11. The method of claim 10, further comprising:

determining whether the response received from the LLM indicates that the LLM has determined that the test results indicate that the AUT is operating as expected in accordance with the verification statement.

12. The method of claim 10, wherein the prompt includes at least the test results and the verification statement.

13. The method of claim 12, wherein the prompt further includes one or more user-provided prompting examples to assist the LLM in determining whether the test results indicate that the AUT is operating as expected in accordance with the verification statement.

14. The method of claim 12, wherein the prompt further includes a statement of purpose of the LLM as to a role of the LLM and as to what the LLM is expected to do in generating the response.
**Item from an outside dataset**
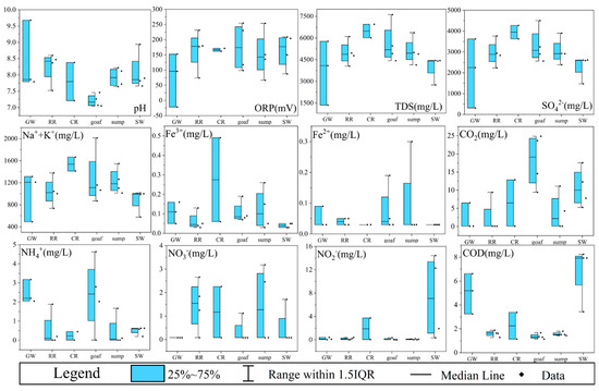 Hydrochemical components of water samples have been plotted as half-box-and whisker diagrams, based on their locations in different zones, to compare hydrochemical variation among these zones (Figure 4 and Supplemental Figure S3). Based on the median value, the pH values of goafs were the lowest (7.1–7.5), followed by those of coal roadways, groundwater aquifers, surface waters, and water sumps, and the pH values of the rock roadways were the highest (7.5–8.6). The calcium or limestone of coal seam floor and concrete possibly increased the alkalinity of the rock roadway (Figure 4). The TDS of mine water ranged from 4.14 to 7.61 g/L, and the TDS of coal roadways was obviously higher than that of other zones. The most contributions to TDS were SO42− and Na++K+, in which the SO42− (3.6–4.3 g/L) and Na++K+ (1.4–1.7 g/L) concentrations of the coal roadways were the highest, followed by the SO42− (2.6–4.5 g/L) and Na++K+ (0.9–2.0 g/L) of the goafs. Combined with higher Fe3+ (ND–0.5 mg/L) and Fe2+ (ND–0.2 mg/L) in the coal roadway and goafs, it was inferred that pyrite in the coal could be oxidized to generate a large amount of sulfuric acid and iron hydroxide (Equations (S1)–(S3)). Compared with coal roadways, the SO42− concentration (4.5 g/L) of goaf closure in 2021 (newly closure, XJL16) was higher, and the pH value (7.3) was lower, but the SO42− concentration decreased gradually with the time since goaf closure (2.6 g/L of goaf closure in 2009, XJL25). This interesting phenomenon is discussed in detail in Section 3.4.
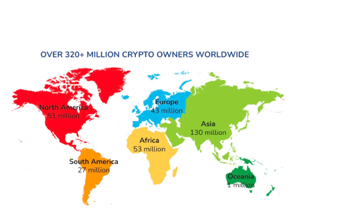加密货币在不同地区特别是各大洲的分布情况也各有差异。亚洲拥有1.2亿加密货币所有者,是投资加密货币人数最多的大陆。非洲排名第二,因为它有超过5300万加密货币用户。北美有5100万,欧洲有4300万,南美洲有2700万,大洋洲有大约100万加密货币用户。

15. The method of claim 14, wherein the statement of purpose of the LLM is not specific to the AUT or the verification statement.

16. A system comprising:

a memory storing program code; and

a processor configured to execute the program code to perform processing comprising:

receiving test results of an application under test (AUT) that is tested to determine whether the AUT performs intended functionality;

receiving a user-generated verification statement regarding the test results of the AUT;

generating a prompt to input to a large language model (LLM) to solicit a response from the LLM including at least whether the test results of the AUT satisfy the verification statement, the prompt including at least the test results and the verification statement;

providing the generated prompt as input to the LLM, and receiving the response as output from the LLM; and

determining whether the AUT performs the intended functionality based on the received response.

17. The system of claim 16, wherein the processing further comprises:

performing an action based on whether the AUT has been determined to have performed the intended functionality.
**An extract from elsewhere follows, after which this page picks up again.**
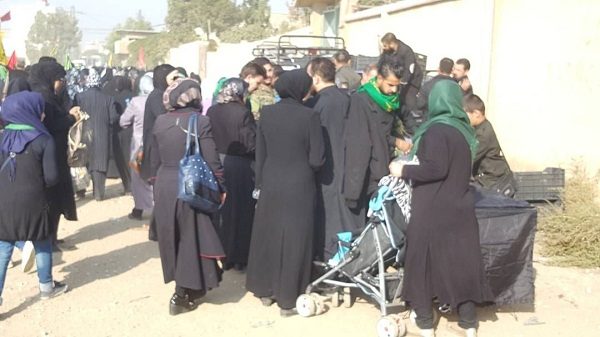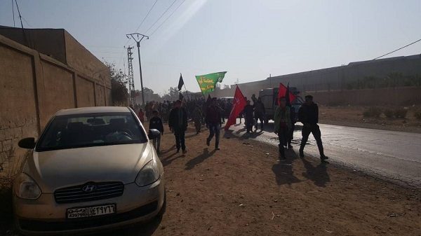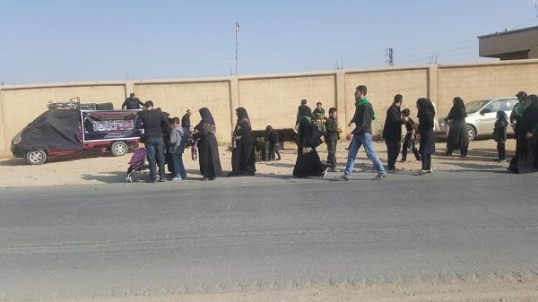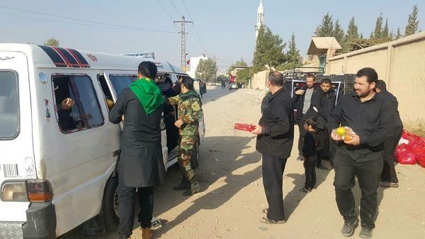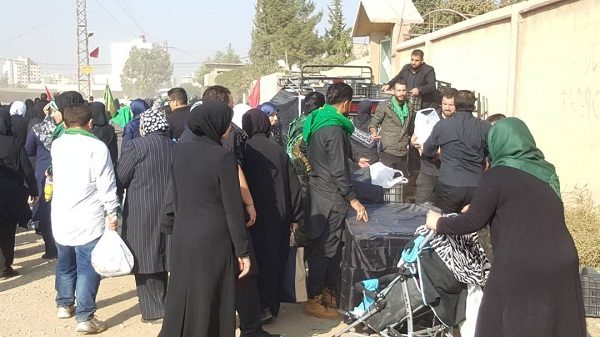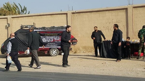 موكب مكتب المرجع الكبير السيد الحكيم يقدم وجبات الطعام للسائرين من حرم مرقد رقية إلى حرم السيدة زينب عليها السلام في سوريا

18. The system of claim 16, wherein the generated prompt further includes one or more user-provided prompting examples to assist the LLM in determining whether the test results of the AUT satisfy the verification statement.

19. The system of claim 16, wherein the memory stores a statement of purpose of the LLM as to a role of the LLM and as to what the LLM is expected to do in generating the response,

and wherein the generated prompt includes the statement of purpose of the LLM.

20. The system of claim 19, wherein the statement of purpose of the LLM is not specific to the AUT, the intended functionality of the AUT, or the verification statement.